__YOUR GOAL__
Could you copy exactly the lines below from the one with "Opolski Komendant Wojewódzki" to the one with "Sheba Sabor Atum", inclusive, leaving out any pictures?

__RECORDS FOR THE TASK__

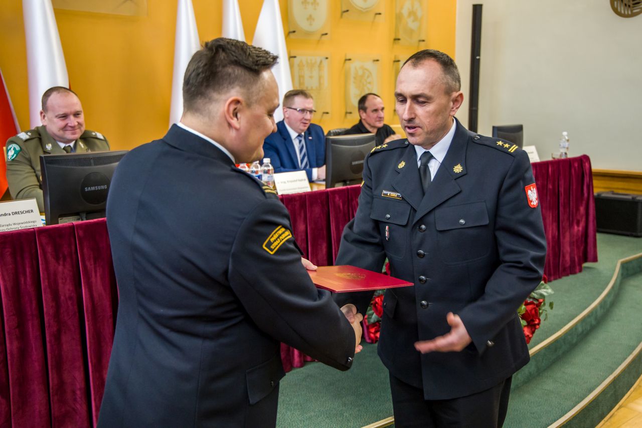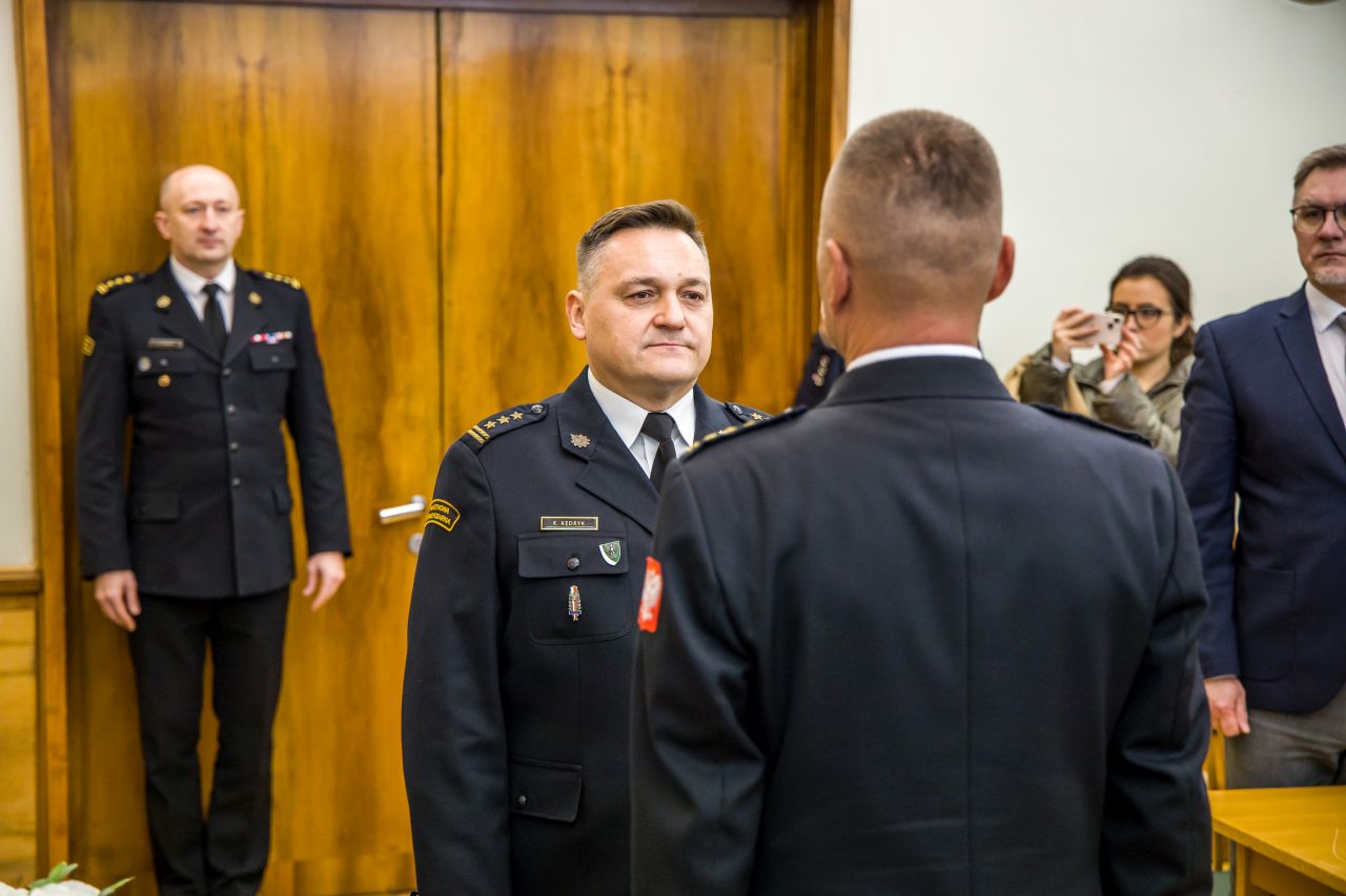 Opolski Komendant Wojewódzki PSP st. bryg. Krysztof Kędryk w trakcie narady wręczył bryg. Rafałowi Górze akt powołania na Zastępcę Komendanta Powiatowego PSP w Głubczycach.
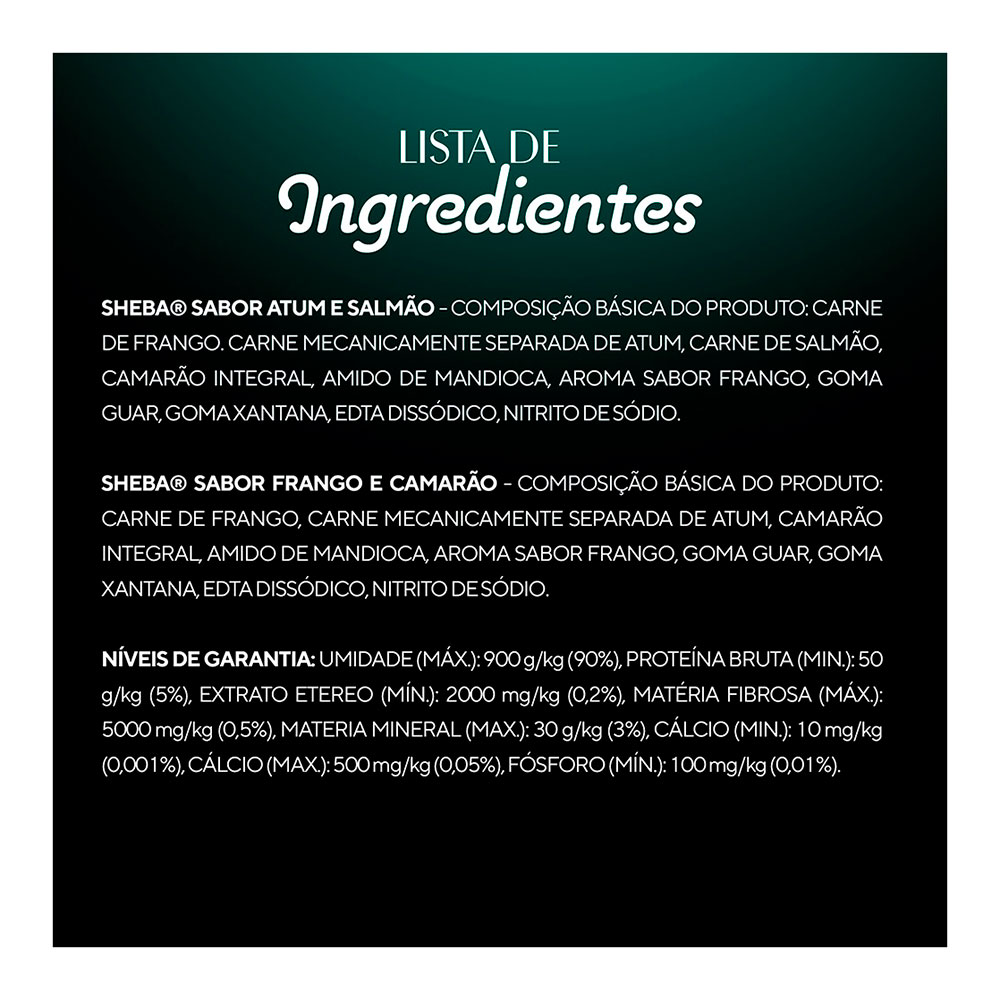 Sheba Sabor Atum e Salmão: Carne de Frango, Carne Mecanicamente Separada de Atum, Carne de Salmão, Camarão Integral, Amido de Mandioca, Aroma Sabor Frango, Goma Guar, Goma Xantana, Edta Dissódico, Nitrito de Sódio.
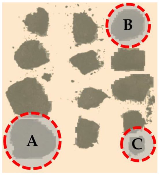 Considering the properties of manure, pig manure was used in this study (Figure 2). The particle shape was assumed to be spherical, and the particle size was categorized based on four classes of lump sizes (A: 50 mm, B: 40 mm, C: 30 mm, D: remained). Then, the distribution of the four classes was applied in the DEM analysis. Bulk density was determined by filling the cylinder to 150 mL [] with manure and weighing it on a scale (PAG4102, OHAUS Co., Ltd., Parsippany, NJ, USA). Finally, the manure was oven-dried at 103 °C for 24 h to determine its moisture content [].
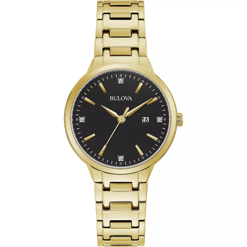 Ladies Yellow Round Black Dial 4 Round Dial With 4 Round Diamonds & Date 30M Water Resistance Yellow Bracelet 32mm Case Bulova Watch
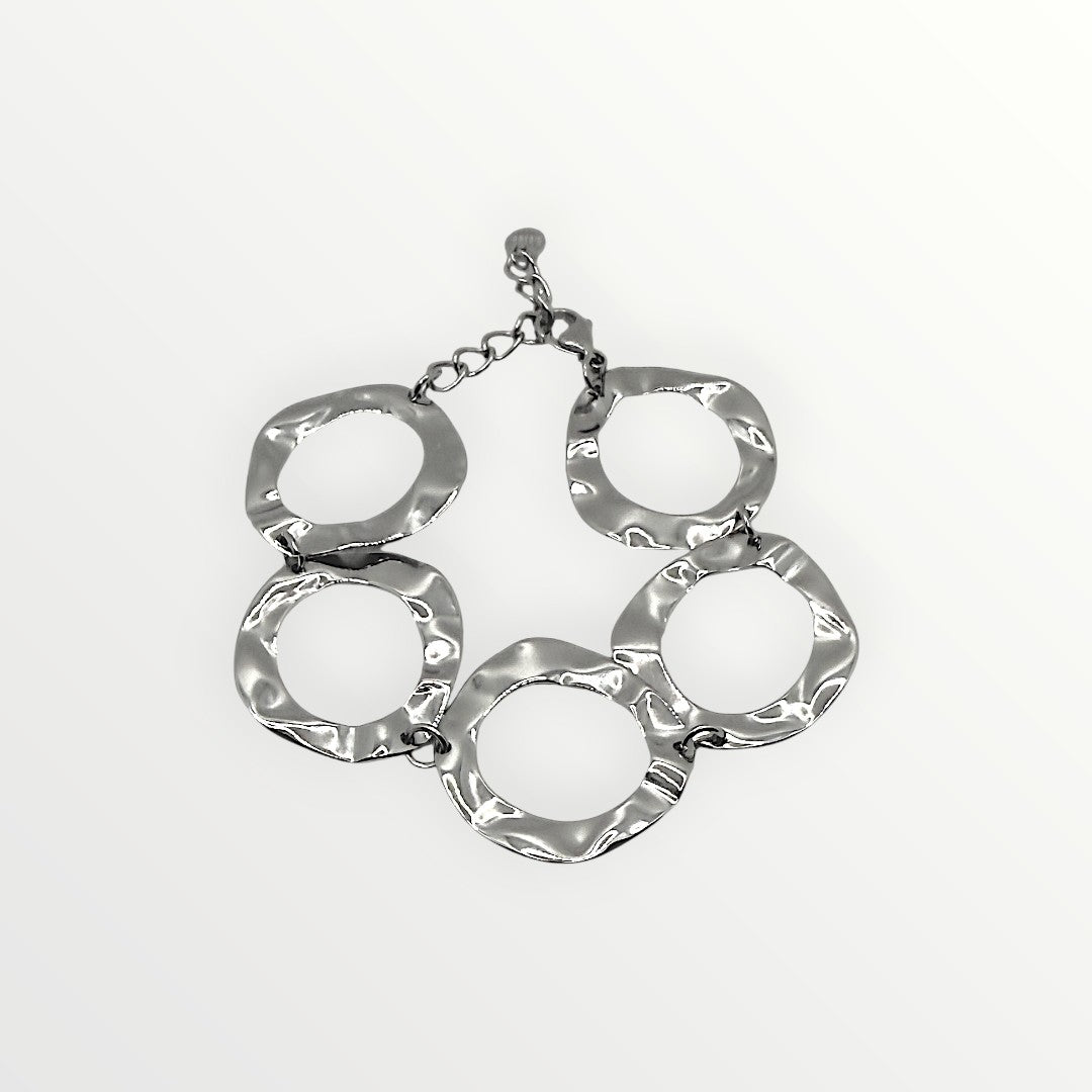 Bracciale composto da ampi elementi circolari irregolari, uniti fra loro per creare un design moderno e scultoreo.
--
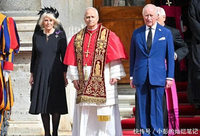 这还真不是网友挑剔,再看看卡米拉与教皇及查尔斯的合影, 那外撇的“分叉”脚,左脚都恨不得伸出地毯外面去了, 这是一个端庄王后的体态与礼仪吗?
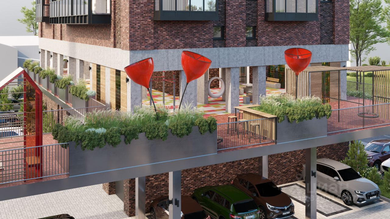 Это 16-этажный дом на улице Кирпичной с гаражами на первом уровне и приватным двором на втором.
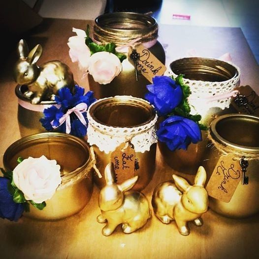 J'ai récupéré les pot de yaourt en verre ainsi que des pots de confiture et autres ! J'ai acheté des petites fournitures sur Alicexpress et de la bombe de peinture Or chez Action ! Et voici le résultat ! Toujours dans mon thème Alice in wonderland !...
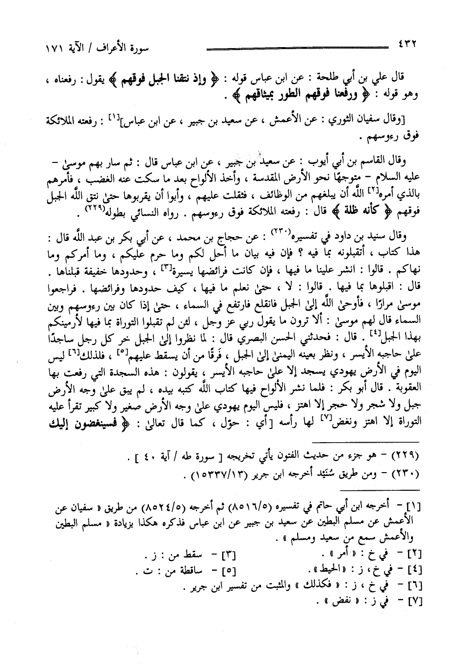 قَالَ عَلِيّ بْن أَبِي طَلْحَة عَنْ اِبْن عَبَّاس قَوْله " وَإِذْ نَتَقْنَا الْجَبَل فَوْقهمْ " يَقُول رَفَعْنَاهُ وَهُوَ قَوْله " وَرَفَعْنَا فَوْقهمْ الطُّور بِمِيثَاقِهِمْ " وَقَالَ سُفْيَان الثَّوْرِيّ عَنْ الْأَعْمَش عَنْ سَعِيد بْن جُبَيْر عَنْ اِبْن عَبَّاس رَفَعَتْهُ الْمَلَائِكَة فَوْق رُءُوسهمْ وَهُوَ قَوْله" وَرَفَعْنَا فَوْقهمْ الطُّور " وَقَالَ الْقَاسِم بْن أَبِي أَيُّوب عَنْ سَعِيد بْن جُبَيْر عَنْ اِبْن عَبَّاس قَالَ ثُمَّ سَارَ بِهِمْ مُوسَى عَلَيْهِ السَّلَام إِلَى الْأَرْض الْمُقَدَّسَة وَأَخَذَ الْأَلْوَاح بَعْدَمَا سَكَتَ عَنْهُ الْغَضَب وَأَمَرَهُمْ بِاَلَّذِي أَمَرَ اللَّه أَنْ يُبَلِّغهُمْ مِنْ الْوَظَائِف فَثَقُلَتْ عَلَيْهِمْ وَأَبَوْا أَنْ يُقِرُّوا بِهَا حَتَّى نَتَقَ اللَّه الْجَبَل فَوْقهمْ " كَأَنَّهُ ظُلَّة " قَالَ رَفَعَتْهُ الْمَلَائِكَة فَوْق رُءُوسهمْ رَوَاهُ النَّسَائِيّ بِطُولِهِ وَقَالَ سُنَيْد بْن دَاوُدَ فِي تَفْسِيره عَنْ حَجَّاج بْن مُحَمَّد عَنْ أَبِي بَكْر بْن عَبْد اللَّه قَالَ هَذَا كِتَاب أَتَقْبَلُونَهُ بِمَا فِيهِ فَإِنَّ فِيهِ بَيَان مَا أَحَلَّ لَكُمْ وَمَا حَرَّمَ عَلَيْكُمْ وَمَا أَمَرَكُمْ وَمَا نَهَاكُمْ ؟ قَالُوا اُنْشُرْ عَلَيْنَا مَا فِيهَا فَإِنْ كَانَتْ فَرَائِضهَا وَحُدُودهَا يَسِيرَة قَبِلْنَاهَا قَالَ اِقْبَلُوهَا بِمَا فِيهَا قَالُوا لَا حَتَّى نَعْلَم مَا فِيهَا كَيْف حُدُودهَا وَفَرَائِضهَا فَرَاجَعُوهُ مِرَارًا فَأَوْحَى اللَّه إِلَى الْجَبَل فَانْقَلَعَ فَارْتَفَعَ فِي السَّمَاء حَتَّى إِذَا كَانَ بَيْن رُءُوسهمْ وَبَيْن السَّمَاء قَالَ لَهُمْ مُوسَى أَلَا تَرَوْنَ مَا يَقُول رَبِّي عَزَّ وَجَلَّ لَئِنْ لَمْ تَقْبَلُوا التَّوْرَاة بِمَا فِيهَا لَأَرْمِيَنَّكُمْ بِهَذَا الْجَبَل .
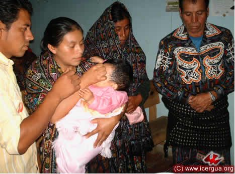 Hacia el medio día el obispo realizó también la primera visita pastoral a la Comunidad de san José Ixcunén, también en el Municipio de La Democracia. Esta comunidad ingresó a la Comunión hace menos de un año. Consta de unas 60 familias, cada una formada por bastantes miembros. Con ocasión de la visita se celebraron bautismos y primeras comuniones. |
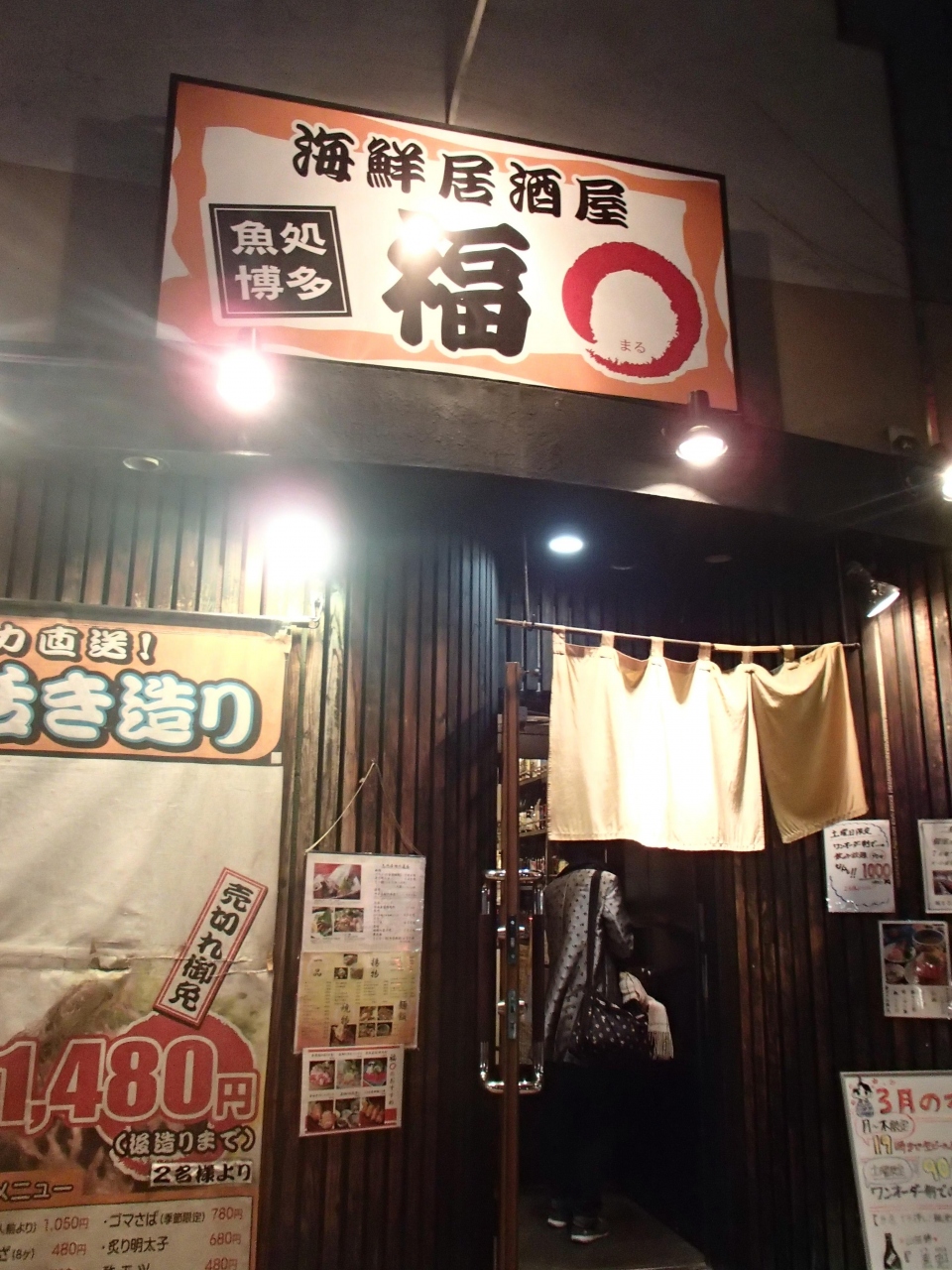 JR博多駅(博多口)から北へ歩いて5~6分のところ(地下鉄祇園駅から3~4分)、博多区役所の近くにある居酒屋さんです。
---
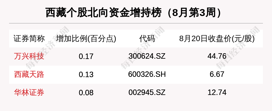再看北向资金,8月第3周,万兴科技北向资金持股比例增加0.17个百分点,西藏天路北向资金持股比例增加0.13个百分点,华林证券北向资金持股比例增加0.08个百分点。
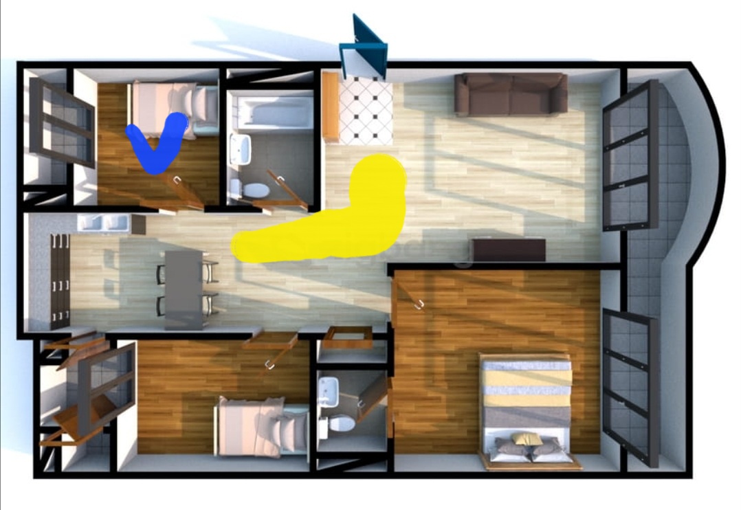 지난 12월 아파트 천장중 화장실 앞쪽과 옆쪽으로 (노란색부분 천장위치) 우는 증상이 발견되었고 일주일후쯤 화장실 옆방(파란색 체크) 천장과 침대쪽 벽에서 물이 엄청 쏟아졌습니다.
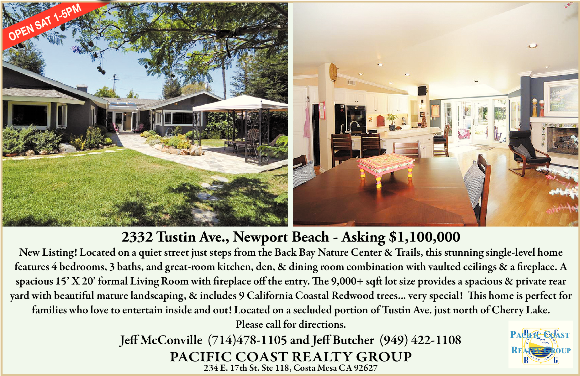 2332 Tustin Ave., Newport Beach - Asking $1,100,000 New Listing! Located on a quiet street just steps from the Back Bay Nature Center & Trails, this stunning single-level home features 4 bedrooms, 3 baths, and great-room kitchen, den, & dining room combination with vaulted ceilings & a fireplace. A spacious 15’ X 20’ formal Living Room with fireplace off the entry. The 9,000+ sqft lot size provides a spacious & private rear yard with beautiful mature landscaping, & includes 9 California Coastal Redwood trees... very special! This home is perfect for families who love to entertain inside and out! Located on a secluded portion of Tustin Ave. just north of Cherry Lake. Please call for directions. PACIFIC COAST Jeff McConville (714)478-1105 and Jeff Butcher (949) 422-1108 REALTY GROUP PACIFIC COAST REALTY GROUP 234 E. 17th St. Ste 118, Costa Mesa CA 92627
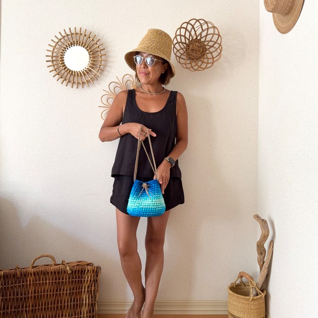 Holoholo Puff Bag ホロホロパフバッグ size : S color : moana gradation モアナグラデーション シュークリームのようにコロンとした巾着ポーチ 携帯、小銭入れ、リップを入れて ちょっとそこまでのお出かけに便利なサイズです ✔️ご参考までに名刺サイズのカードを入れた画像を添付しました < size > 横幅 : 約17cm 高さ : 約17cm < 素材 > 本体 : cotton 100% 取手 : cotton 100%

__FINAL ANSWER__
 Opolski Komendant Wojewódzki PSP st. bryg. Krysztof Kędryk w trakcie narady wręczył bryg. Rafałowi Górze akt powołania na Zastępcę Komendanta Powiatowego PSP w Głubczycach.
 Sheba Sabor Atum e Salmão: Carne de Frango, Carne Mecanicamente Separada de Atum, Carne de Salmão, Camarão Integral, Amido de Mandioca, Aroma Sabor Frango, Goma Guar, Goma Xantana, Edta Dissódico, Nitrito de Sódio.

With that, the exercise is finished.